According to the computer simulations based on the skeletons that were discovered on the site, the bird was approximately seven feet tall and it had an average weight of five hundred pounds. Only one egg produced by the giant bird would weigh as much as three and a half pounds, which is the equivalent of an average modern-day cantaloupe.
Upon studying the burnt remains of the Genyornis newtoni’s eggs, the scientists concluded that the early humans used them as a nourishment source. At it seems they were really into omelets as the humans ate a bird’s eggs to extinction.
A professor of geological sciences at the Boulder Colorado University, Gifford Miller, said that the remains of the giant bird’s eggs were found on more than two hundred sites across the Australian continent, and all of them presented signs of fire processing, in other words, they were cooked.

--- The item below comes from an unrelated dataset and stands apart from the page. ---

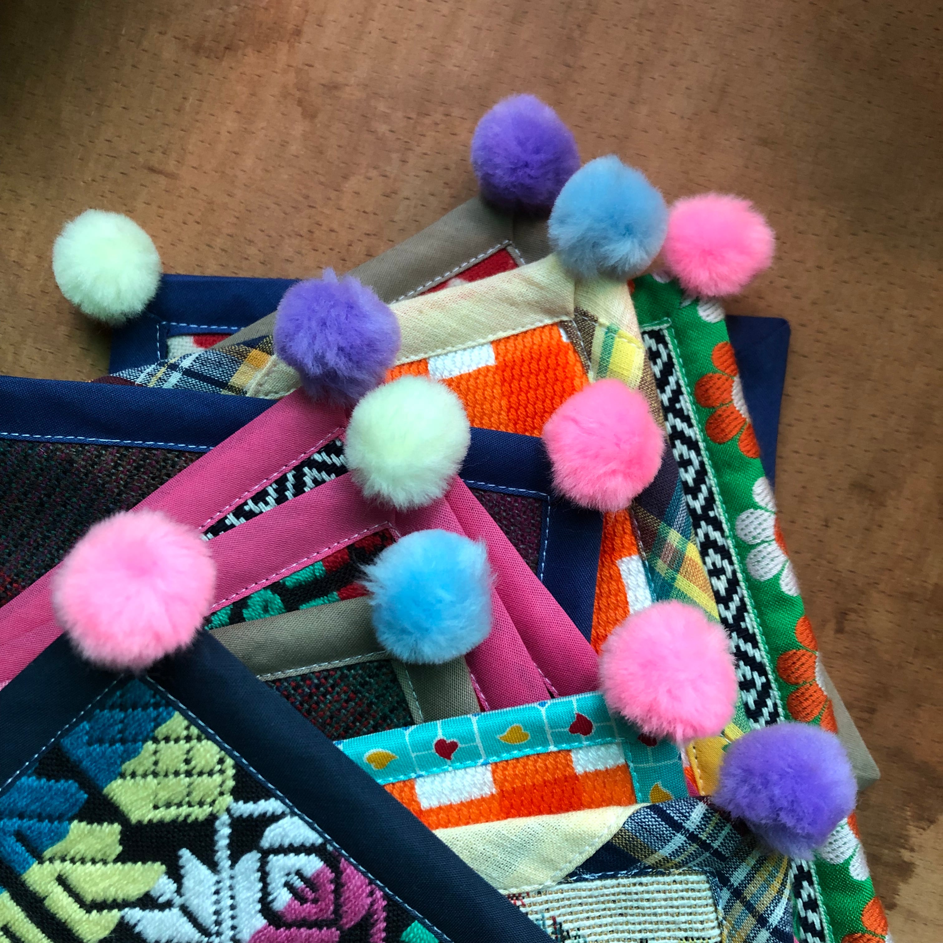 古着のワンピースやジャケットの生地を使って作りました。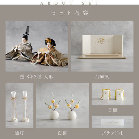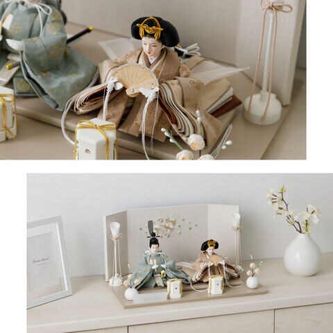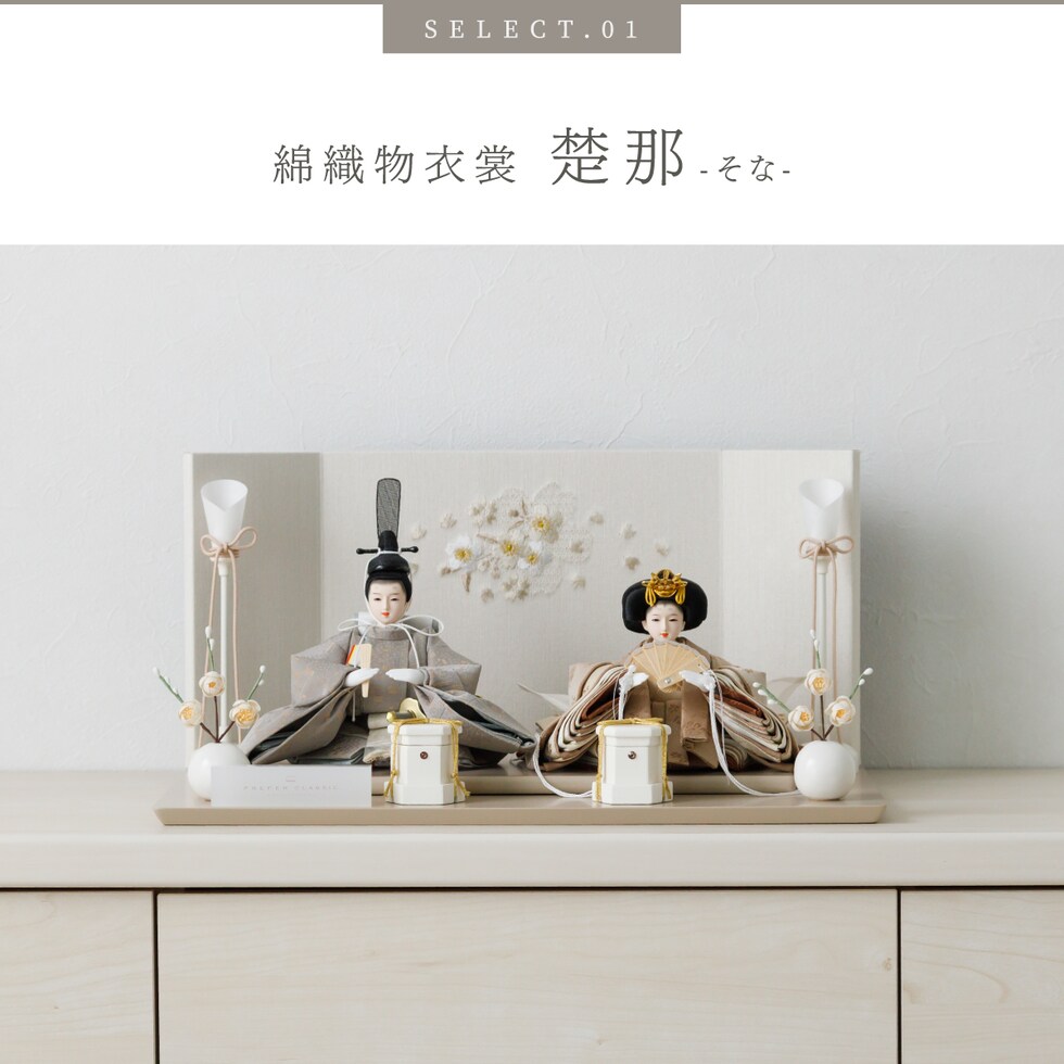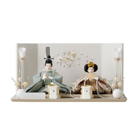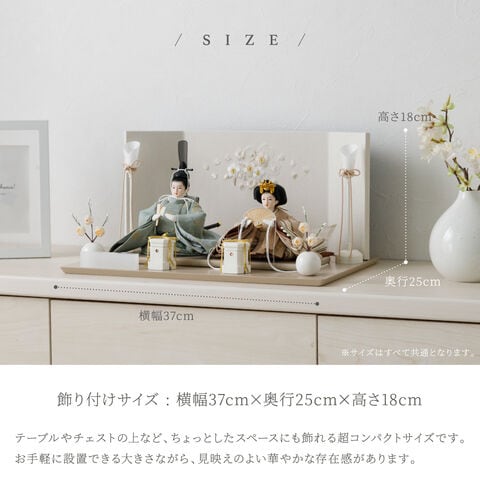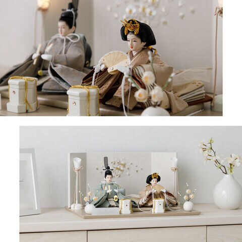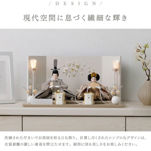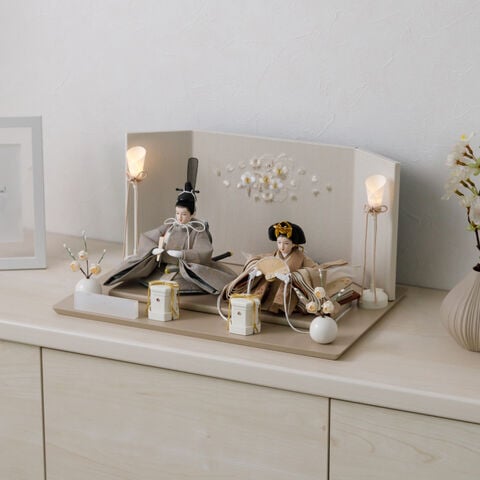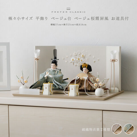 雛人形 コンパクト おしゃれ モダン 親王飾り インテリア お雛様 雛 高級 PREFER CLASSIC ひな人形 [ベージュ台 桜霞屏風 平飾り お道具付 貝桶 油灯 白梅 人形極々小サイズ 選べる綿織物衣裳2種類 楚那 梨未] 【梨未 ケースなし】

Eggshells were found in 2,000 different locations across the Australian continent, but only 200 places presented signs of human interference. The rest of 1,800 were hidden in sandy places, locations that are usually used by birds to hide their eggs from potential predators.
The 50,000 age of the egg remains was established by the scientists using the carbon dating process. This procedure is done by analyzing the decay degree of the carbon molecules presented in the fossil and comparing them to the pre-established carbon concentrations throughout the geological eras.
In order to get accurate data, they also used the OSL dating technique which uses a type of luminescence that is optically stimulated to render the age of a fossil. The OSL determines when the fossil was last touched by direct sunlight. The results rendered the eggshells to be approximately 54,000 years old.
The further analysis of the egg remains showed that they weren’t burnt in a wildfire, but rather with a source of heat that was localized, a fire that was built by another creature. The position in which the fossilized eggshells were found suggests that after cooking the eggs, the early humans used to scatter the shells around the fire.
This is the first evidence that suggests that the early human population from the Australian continent used to feed on the megafauna that is now extinct. Seeing as the humans ate a bird’s eggs to extinction, it would be nice to see how their presence disrupted the life cycle of other now-extinct animals.